THE PROBLEM: Below are records to retype exactly, except for the pictures.

Excerpts from a dataset:
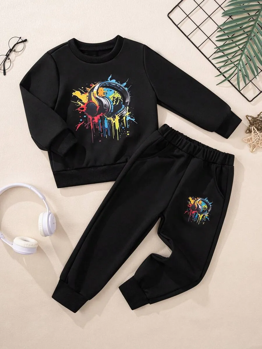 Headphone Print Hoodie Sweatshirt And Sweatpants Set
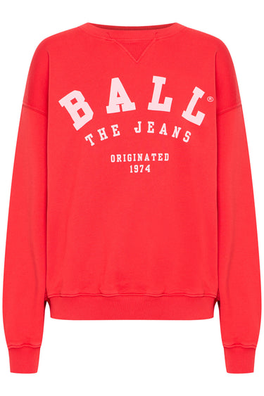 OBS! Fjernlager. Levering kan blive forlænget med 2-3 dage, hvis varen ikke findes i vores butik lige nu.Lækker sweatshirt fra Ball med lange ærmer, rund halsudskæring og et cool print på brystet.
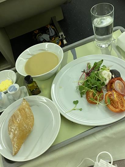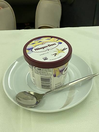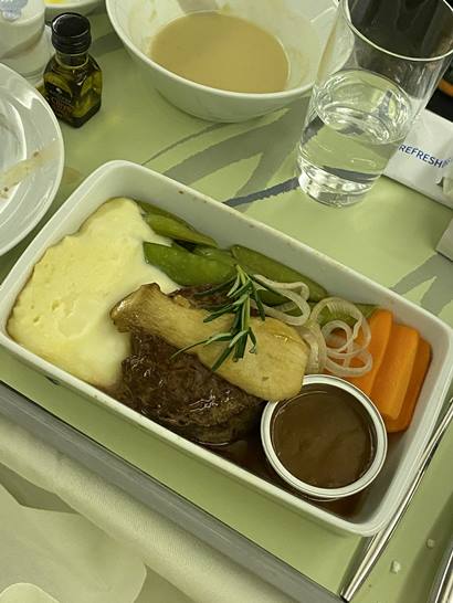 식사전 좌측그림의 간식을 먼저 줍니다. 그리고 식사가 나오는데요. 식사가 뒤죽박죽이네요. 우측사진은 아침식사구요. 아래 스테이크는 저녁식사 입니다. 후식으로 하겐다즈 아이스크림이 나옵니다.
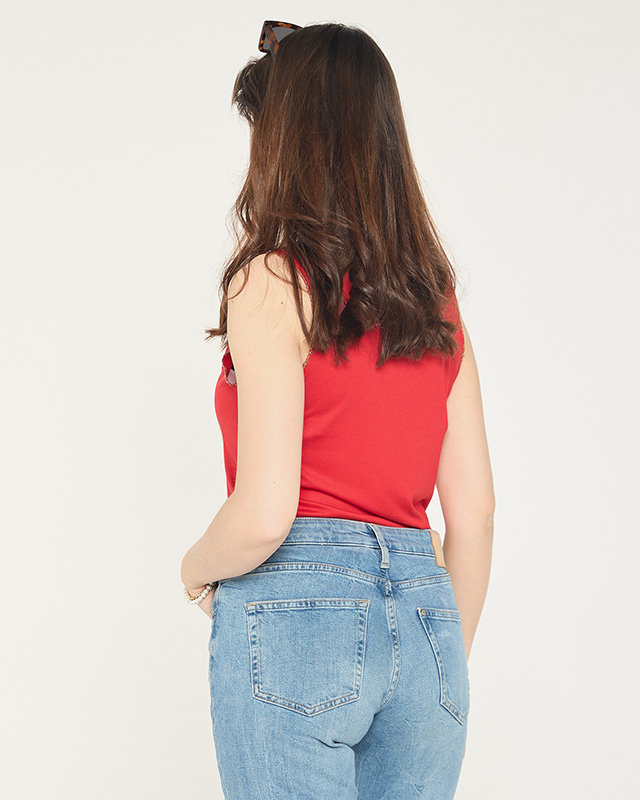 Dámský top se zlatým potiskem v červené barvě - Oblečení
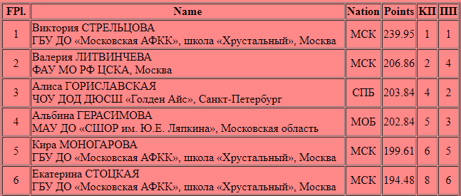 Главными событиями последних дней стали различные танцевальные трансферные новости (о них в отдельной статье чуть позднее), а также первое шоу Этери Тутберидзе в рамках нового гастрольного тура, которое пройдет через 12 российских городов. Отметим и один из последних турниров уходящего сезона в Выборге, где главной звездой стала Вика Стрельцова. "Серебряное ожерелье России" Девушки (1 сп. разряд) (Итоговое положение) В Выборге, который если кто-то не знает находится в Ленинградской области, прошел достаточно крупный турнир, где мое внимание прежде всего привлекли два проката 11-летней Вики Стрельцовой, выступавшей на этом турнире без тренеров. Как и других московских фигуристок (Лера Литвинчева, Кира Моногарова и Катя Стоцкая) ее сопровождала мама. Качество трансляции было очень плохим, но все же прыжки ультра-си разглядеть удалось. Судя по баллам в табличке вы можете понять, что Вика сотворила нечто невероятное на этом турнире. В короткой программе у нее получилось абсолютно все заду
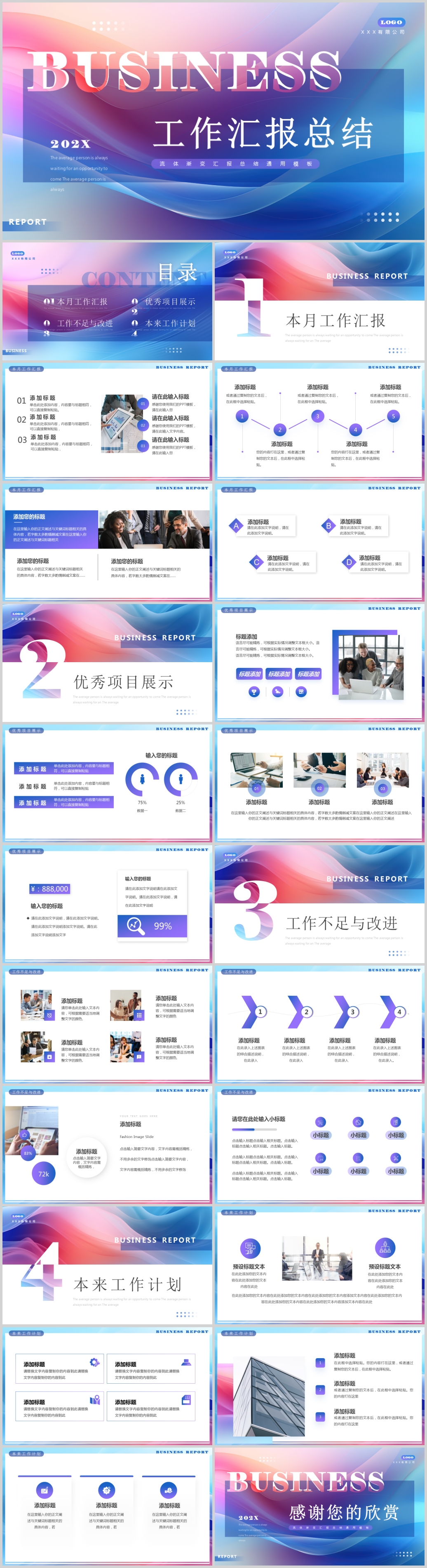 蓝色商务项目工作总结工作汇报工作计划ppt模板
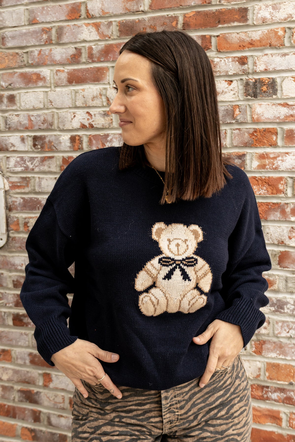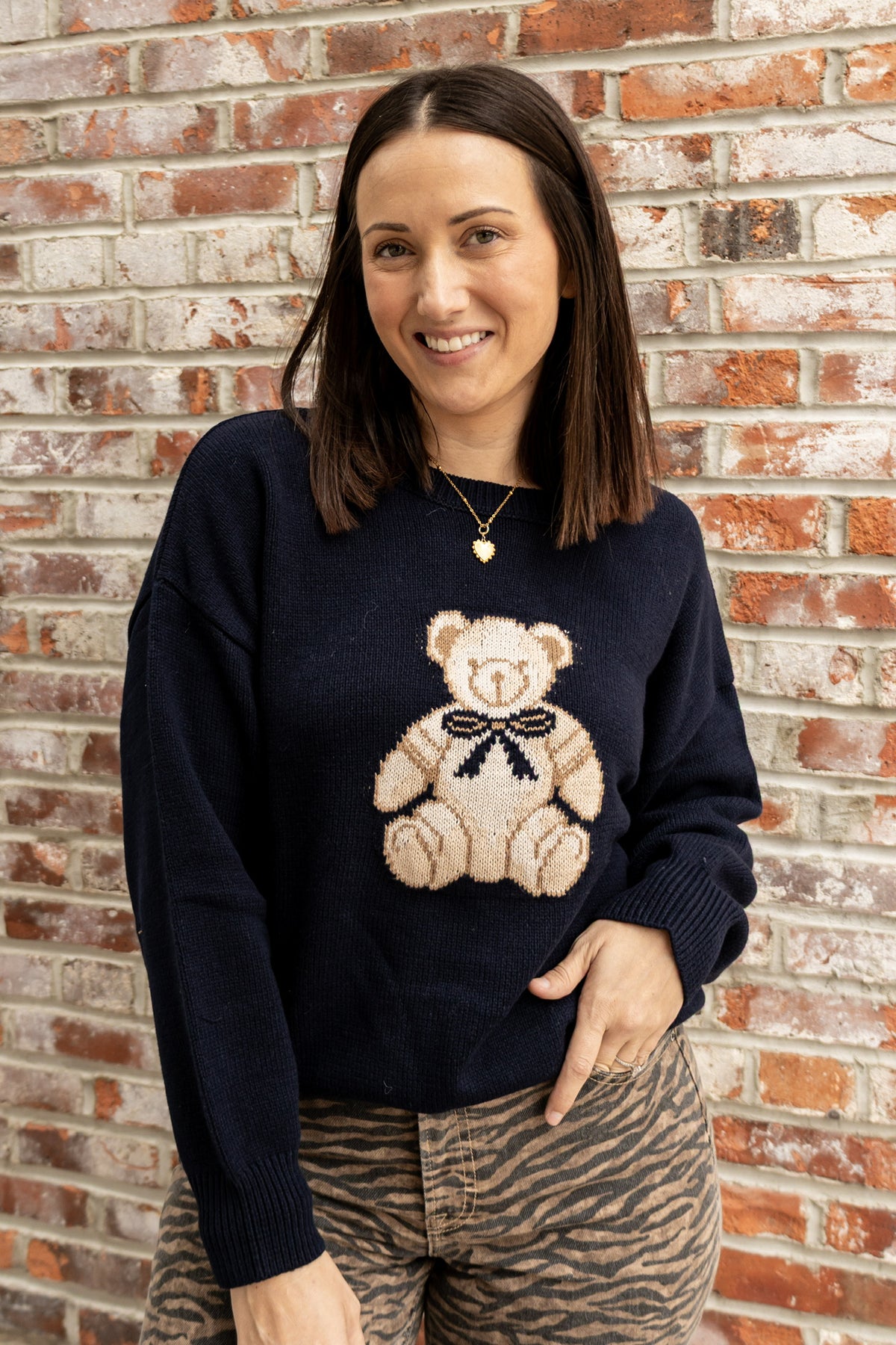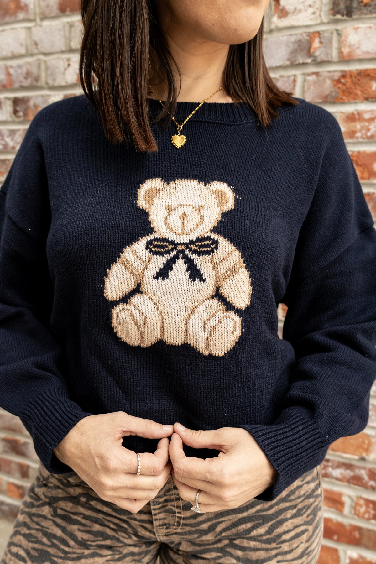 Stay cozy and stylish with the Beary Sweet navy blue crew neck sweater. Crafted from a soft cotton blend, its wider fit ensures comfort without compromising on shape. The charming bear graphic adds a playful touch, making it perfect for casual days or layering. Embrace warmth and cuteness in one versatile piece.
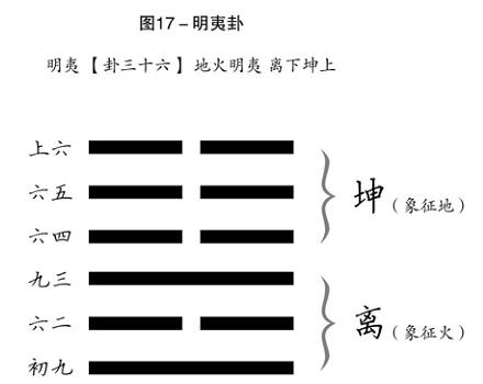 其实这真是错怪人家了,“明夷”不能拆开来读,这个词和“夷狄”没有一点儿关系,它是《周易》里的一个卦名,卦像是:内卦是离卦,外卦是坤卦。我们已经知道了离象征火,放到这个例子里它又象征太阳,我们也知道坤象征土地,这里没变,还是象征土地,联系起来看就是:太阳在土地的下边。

SOLUTION TO THIS TASK:
 Headphone Print Hoodie Sweatshirt And Sweatpants Set
 OBS! Fjernlager. Levering kan blive forlænget med 2-3 dage, hvis varen ikke findes i vores butik lige nu.Lækker sweatshirt fra Ball med lange ærmer, rund halsudskæring og et cool print på brystet.
 식사전 좌측그림의 간식을 먼저 줍니다. 그리고 식사가 나오는데요. 식사가 뒤죽박죽이네요. 우측사진은 아침식사구요. 아래 스테이크는 저녁식사 입니다. 후식으로 하겐다즈 아이스크림이 나옵니다.
 Dámský top se zlatým potiskem v červené barvě - Oblečení
 Главными событиями последних дней стали различные танцевальные трансферные новости (о них в отдельной статье чуть позднее), а также первое шоу Этери Тутберидзе в рамках нового гастрольного тура, которое пройдет через 12 российских городов. Отметим и один из последних турниров уходящего сезона в Выборге, где главной звездой стала Вика Стрельцова. "Серебряное ожерелье России" Девушки (1 сп. разряд) (Итоговое положение) В Выборге, который если кто-то не знает находится в Ленинградской области, прошел достаточно крупный турнир, где мое внимание прежде всего привлекли два проката 11-летней Вики Стрельцовой, выступавшей на этом турнире без тренеров. Как и других московских фигуристок (Лера Литвинчева, Кира Моногарова и Катя Стоцкая) ее сопровождала мама. Качество трансляции было очень плохим, но все же прыжки ультра-си разглядеть удалось. Судя по баллам в табличке вы можете понять, что Вика сотворила нечто невероятное на этом турнире. В короткой программе у нее получилось абсолютно все заду
 蓝色商务项目工作总结工作汇报工作计划ppt模板
 Stay cozy and stylish with the Beary Sweet navy blue crew neck sweater. Crafted from a soft cotton blend, its wider fit ensures comfort without compromising on shape. The charming bear graphic adds a playful touch, making it perfect for casual days or layering. Embrace warmth and cuteness in one versatile piece.
 其实这真是错怪人家了,“明夷”不能拆开来读,这个词和“夷狄”没有一点儿关系,它是《周易》里的一个卦名,卦像是:内卦是离卦,外卦是坤卦。我们已经知道了离象征火,放到这个例子里它又象征太阳,我们也知道坤象征土地,这里没变,还是象征土地,联系起来看就是:太阳在土地的下边。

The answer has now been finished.